Patent Document 2 describes a manufacturing method of a polishing carrier. In this manufacturing method, a laminated plate obtained by heat-press molding a plurality of sheets of a thermosetting resin-impregnated sheet-like fiber substrate (prepreg) and a thermosetting resin-unimpregnated sheet-like fiber substrate is processed into a polishing carrier. It is a method to do. Patent Document 2 describes that the sheet-like fiber base material is preferably composed of organic fibers. More preferably, it is also described that the sheet-like fiber base material is an aramid fiber nonwoven fabric. It also describes the use of an epoxy resin as the thermosetting resin. According to this production method, the molten thermosetting resin in the prepreg penetrates into the resin-impregnated sheet-like fiber base material at the time of heat and pressure molding, and a laminate having a low resin content as a whole is easily produced. be able to. Since the resin content can be reduced, it is said that the reinforcing effect of the sheet-like fiber base material can be sufficiently exerted to obtain a highly rigid abrasive carrier.

Patent Document 3 includes a base layer in which a base material made of organic fibers is impregnated with a resin, and a surface film layer laminated on the surface of the base layer, and the surface film layer F has a tensile elastic modulus of 4000 N / mm ² or more. An object-holding material comprising an organic resin film is described. In that example, a polyester nonwoven fabric was impregnated with an epoxy resin varnish, and then dried to obtain a prepreg for constituting a base layer. Seven prepregs were laminated, and polyethylene naphthalate films were laminated on both front and back sides. Thereafter, an example is described in which a laminate is obtained by sandwiching and pressing the laminate between mirror plates.

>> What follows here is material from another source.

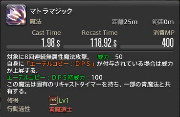 固有のリキャストタイマーを持ち、天使のおやつ、ドラゴンフォースと共有しています。エーテルコピー:DPSならマトラマジックをセットしましょう。

In Patent Document 4, a polishing jig used when polishing a thin plate-like workpiece such as a silicon wafer or liquid crystal glass, the polishing jig is composed of a reinforcing fiber layer and a resin layer. Describes a polishing jig in which an ultrahigh molecular weight polyethylene layer is melted and bonded. The example describes an example in which a reinforcing fiber layer made of a glass woven fabric, an epoxy resin layer, and an ultrahigh molecular weight polyethylene layer are laminated.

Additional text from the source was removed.